Job Summary
We are seeking a SRE Engineer with a passion for performance optimization to join our dynamic Infrastructure Team. In this role, you will be instrumental in designing, implementing, and maintaining scalable and resilient infrastructure solutions that align with our business objectives. You will leverage your expertise in cloud technologies and automation to enhance our infrastructure’s performance, resilience, and cost-effectiveness.
Job Responsibilities
- Collaborate with service engineering teams to design, implement, and maintain scalable and resilient infrastructure solutions optimizing for performance, resilience, and cost.
- Ensure infrastructure aligns with business requirements and industry standards.
- Leverage Terraform to automate infrastructure provisioning and configurations.
- Implement Site Reliability Engineering (SRE) principles to improve system reliability and reduce downtime.
- Improve developer workflows by creating self-service tools, optimizing CI/CD pipelines, and enhancing deployment processes to remove friction.
- Develop and maintain robust monitoring and alerting systems to proactively identify and resolve issues.
- Lead incident responses, manage on-call rotations, and facilitate post-incident reviews to drive continuous improvement and resilience.
- Automate everything—drive adoption of Infrastructure as Code (IaC) and build automated pipelines for testing, monitoring, and deployments.
- Utilize excellent written and verbal communication skills to create communications on upcoming changes and how they affect teams.
Basic Qualifications
- Proven experience in building, scaling, and monitoring cloud infrastructure on AWS, especially EKS, S3, RDS, API Gateway, Load Balancers, VPC, Lambdas, DocumentDB, and DynamoDB.
- Proven experience using Terraform to update and maintain cloud infrastructure.
- Proven experience with containerized applications, Kubernetes, and microservice deployments.

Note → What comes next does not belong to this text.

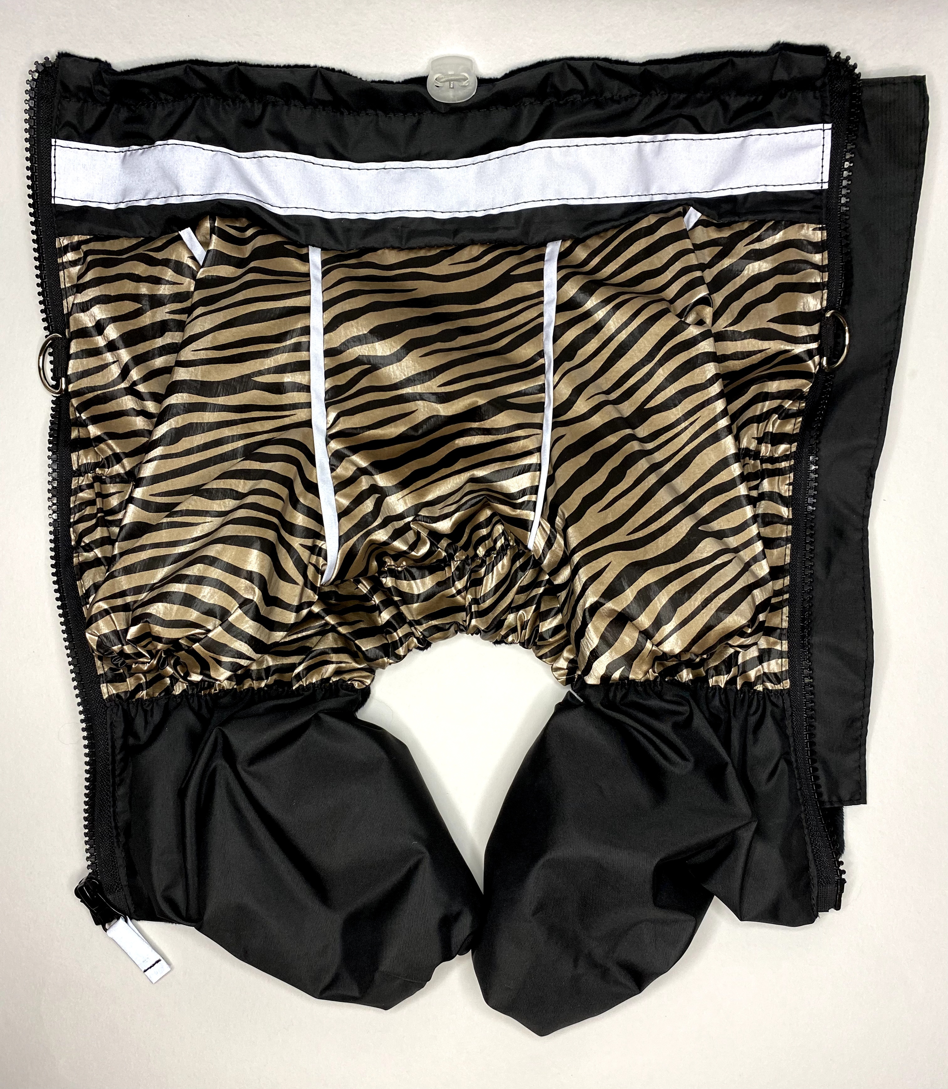 Яркий комбинезон с животным принтом прекрасно подойдет для переходной погоды между зимой и весной. Верхняя ткань не промокает, подкладочка - мягкий и теплый вельбоа. Застегивается на спинке на молнию и имеет вставочку, которая защищает шерсть от попадания в молнию. Ширина воротника регулируется кулисой и декорирована светоотражающей полоской. На спинке кольца для крепления поводка. Модель унисекс. |

- Strong knowledge of GitHub Actions and CI/CD best practices.
- Experience with developer productivity tools: designing CI/CD workflows, building internal tools, and creating self-service solutions to streamline software development.

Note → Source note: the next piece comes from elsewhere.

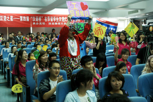 CCTV“汉语之星”大赛由中央电视台与国家汉办/孔子学院总部联合主办。参赛对象为非中国籍、母语为非汉语的在华留学生。大赛已于2008年—2010年连续成功举办三届。我校是第三次承办西安赛区预赛。本次比赛场地宽敞漂亮,观众爆棚,现场气氛热烈,国汉院志愿者工作积极主动。央视节目组对我校出色的组织工作给予了高度评价。大赛将于2011年5月15日至6月3日在北京、天津、西安、郑州、哈尔滨等24个赛区、百余所知名高校进行选拔预赛。决赛将于8月在北京举行。中央电视台中文国际频道(CCTV4)将全程播出预决赛赛况。(图:冯伟 文:胡丹)

- Knowledge of monitoring and observability tools and frameworks; working knowledge of Datadog is a plus.
- Familiarity with networking concepts (DNS, load balancing, firewalls, VPNs).

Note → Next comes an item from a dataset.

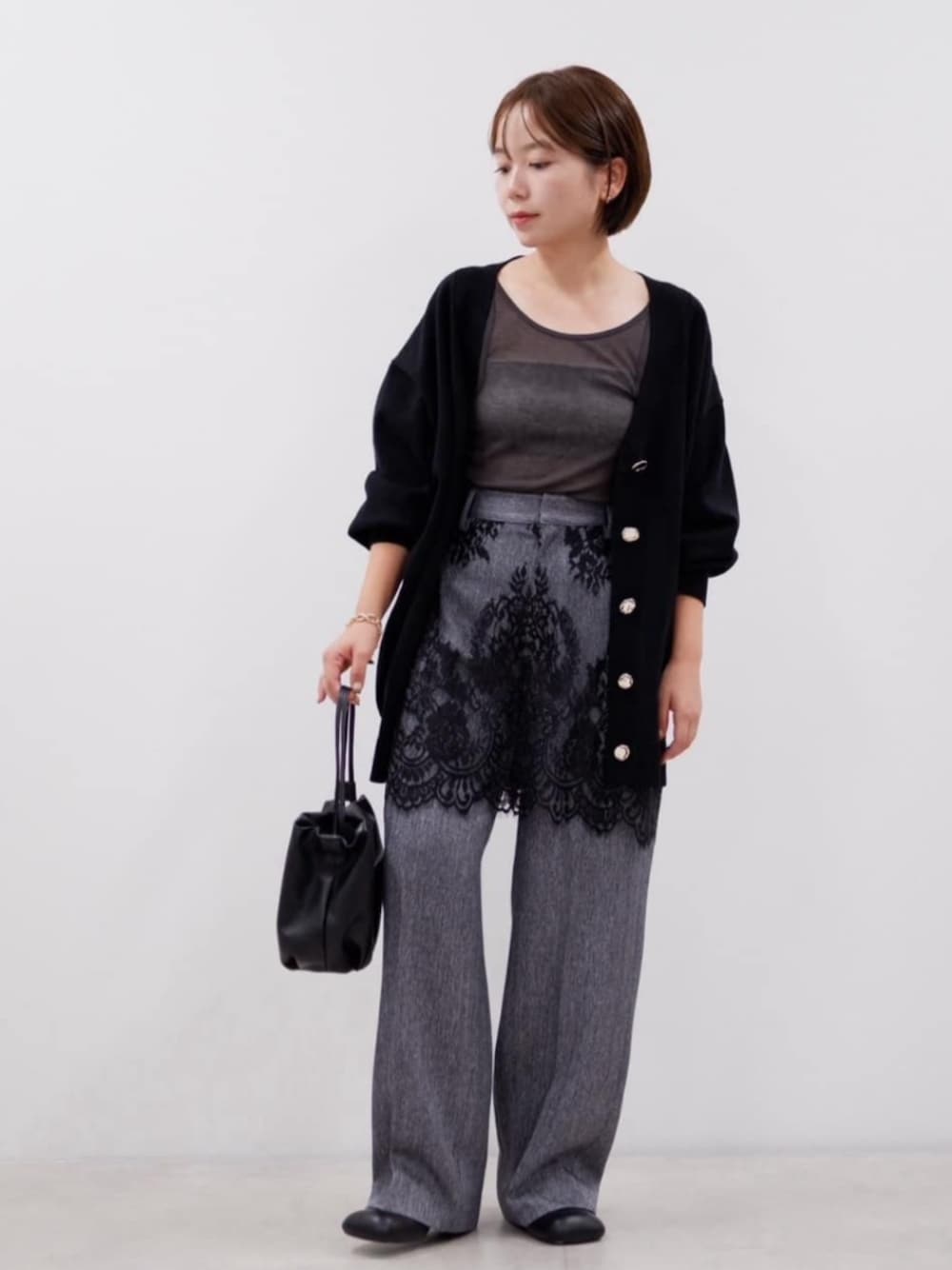 モノトーンに大人っぽくまとめたコーディネートです。レースアイテムを混ぜることでシンプルすぎないトレンド感もプラスしました。

- Strong collaboration skills with the ability to work effectively across teams and communicate technical ideas clearly.
- Experience coding/reading in one of the industry-standard languages such as Java, Python, or TypeScript.
Target Start Date: ASAP
Engagement Length: 6 to 11 months, with the possibility to be extended based on performance.
Time Zone: PST
Working Hours: IMPORTANT MUST OVERLAP 5/6 hours
Country Restrictions: Yes, avoid Venezuela, Cuba, Mexico considering laptop shipment.
Holidays (Local / US): Local